3. Teresa Berganza (Phillips, conducted by Claudio Abbado, 1973)
When the Spanish mezzo-soprano Teresa Berganza embarked on her recording of Carmen, she released an accompanying letter printed in the record notes detailing her conception of her role. She made a great fuss, about how, as a Spanish woman, she found it offensive to have Carmen regarded as carnal woman of low repute when in fact she saw Carmen as a beacon of liberated Spanish womanhood. It was against this fanfare that she took on the role and the recording.
Berganza offered indeed an intriguing promise, and ultimately a foolish one. Berganza’s performance is disastrous. Carnal and sluttish this Carmen certainly isn’t, but I was at a loss as to what it actually was. I heard nothing. This Carmen was no low-life, was not mean and tragic (like Callas’), was not alluring and attractive (like de los Angeles’), was neither sensual, free-spirited, warm, liberated, nor anything else.

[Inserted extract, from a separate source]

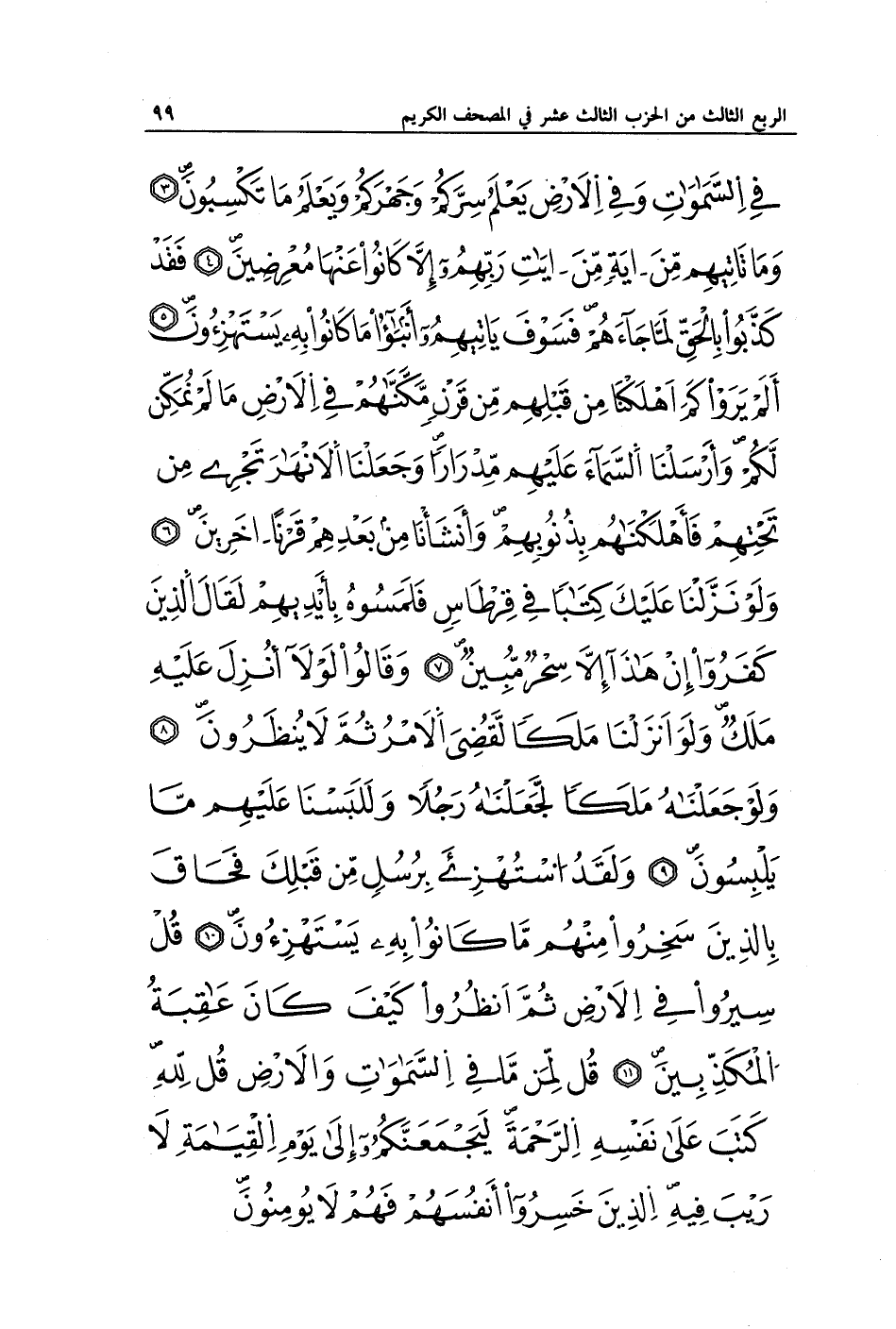 فِي السَّمَاوَاتِ وَفِي الْأَرْضِ يَعْلَمُ سِرَّكُمْ وَجَهْرَكُمْ وَيَعْلَمُ مَا تَكْسِبُونَ (3) وَمَا تَأْتِيهِمْ مِنْ آيَةٍ مِنْ آيَاتِ رَبِّهِمْ إِلَّا كَانُوا عَنْهَا مُعْرِضِينَ (4) فَقَدْ كَذَّبُوا بِالْحَقِّ لَمَّا جَاءَهُمْ فَسَوْفَ يَأْتِيهِمْ أَنْبَاءُ مَا كَانُوا بِهِ يَسْتَهْزِئُونَ (5) أَلَمْ يَرَوْا كَمْ أَهْلَكْنَا مِنْ قَبْلِهِمْ مِنْ قَرْنٍ مَكَّنَّاهُمْ فِي الْأَرْضِ مَا لَمْ نُمَكِّنْ لَكُمْ وَأَرْسَلْنَا السَّمَاءَ عَلَيْهِمْ مِدْرَارًا وَجَعَلْنَا الْأَنْهَارَ تَجْرِي مِنْ تَحْتِهِمْ فَأَهْلَكْنَاهُمْ بِذُنُوبِهِمْ وَأَنْشَأْنَا مِنْ بَعْدِهِمْ قَرْنًا آخَرِينَ (6) وَلَوْ نَزَّلْنَا عَلَيْكَ كِتَابًا فِي قِرْطَاسٍ فَلَمَسُوهُ بِأَيْدِيهِمْ لَقَالَ الَّذِينَ كَفَرُوا إِنْ هَذَا إِلَّا سِحْرٌ مُبِينٌ (7) وَقَالُوا لَوْلَا أُنْزِلَ عَلَيْهِ مَلَكٌ وَلَوْ أَنْزَلْنَا مَلَكًا لَقُضِيَ الْأَمْرُ ثُمَّ لَا يُنْظَرُونَ (8) وَلَوْ جَعَلْنَاهُ مَلَكًا لَجَعَلْنَاهُ رَجُلًا وَلَلَبَسْنَا عَلَيْهِمْ مَا يَلْبِسُونَ (9) وَلَقَدِ اسْتُهْزِئَ بِرُسُلٍ مِنْ قَبْلِكَ فَحَاقَ بِالَّذِينَ سَخِرُوا مِنْهُمْ مَا كَانُوا بِهِ يَسْتَهْزِئُونَ (10) قُلْ سِيرُوا فِي الْأَرْضِ ثُمَّ انْظُرُوا كَيْفَ كَانَ عَاقِبَةُ الْمُكَذِّبِينَ (11) قُلْ لِمَنْ مَا فِي السَّمَاوَاتِ وَالْأَرْضِ قُلْ لِلَّهِ كَتَبَ عَلَى نَفْسِهِ الرَّحْمَةَ لَيَجْمَعَنَّكُمْ إِلَى يَوْمِ الْقِيَامَةِ لَا رَيْبَ فِيهِ الَّذِينَ خَسِرُوا أَنْفُسَهُمْ فَهُمْ لَا يُؤْمِنُونَ (12)

The Habanera was well sung (as you would expect from Berganza) but had no charm, and it was not the credo that Bizet had intended (indeed, it was not a statement of anything in particular). Similarly, her Card Song foretold no tragedy, and you expect this Carmen not only to stay alive at the end of the opera but indeed to live to a ripe old age as a benign Spanish grandmother in a quiet Spanish village. No, Berganza’s conception of Carmen has already been well served, and well served by her compatriot, Victoria de los Angeles.
Vocally too, Berganza’s sweet voice is too small for the role, and the recording had to be twiddled to favour Berganza's voice in volume, with the unfortunate effect that Domingo sounds always as if he is singing in the background, serenading her from afar.
Sherill Milnes, despite his basically glamorous baritone voice, is unable (like most singers singing Escamillo) to deal successfully with the bottom notes of the Toreador’s Song. And it is absolutely crucial that the singer here be able to reach both ends of his range comfortably to give the proper heft and swirl to this famous number in the opera.
4. Leontyne Price (RCA, conducted by Herbert von Karajan, 1964)
This was another recording I avoided based on the prejudice that the soprano Leontyne Price, renowned for her fabulous top notes but with a very hoarse bottom voice, would not be able to cope with the low-lying reaches of the role. And what a surprise it turned out to be. Price’s performance is one of the most successful on record. The voice is amazingly at ease at the bottom, quite able to fool those unfamiliar into believing that this was, indeed, a mezzo-soprano they were hearing.
And what a performance. Unlike with de los Angeles, you have no doubt that although alluring and sensual, this is also a woman fully capable of violence.
As Don Jose, Franco Corelli gives a convincing portrait of a little boy inside a big man. The sheer machismo in his tone married to a volatile and whining manner rightly hints at a dangerous man who could easily topple over the verge. Vocally, Corelli is not always attractive, the handsome and hefty tone often sounding unfocused at mid-volume but hitting with his customary impact when he has to sing out. Despite this, of the Don Joses discussed here, Corelli’s is the only one who draws you into the drama.
Robert Merrill, with one of the most impressive baritone voices ever heard, unfortunately manages only to exude aggressiveness in his Toreador Song, spitting and snarling away as if in the midst of a bullfight rather than allowing the song to be his credo in manner and attitude. Escamilla’s breath-catching entrance launches the song and it is a moment of suave glamour, not aggression.
Mirella Freni is among the best of the recorded Micaelas, a thankless role which nevertheless welcomes a soprano who can sing Micaela’s aria with a fullness of tone which is often not found in the various recorded Micaelas around.
All in all, of the four recordings discussed here, this is the one to get.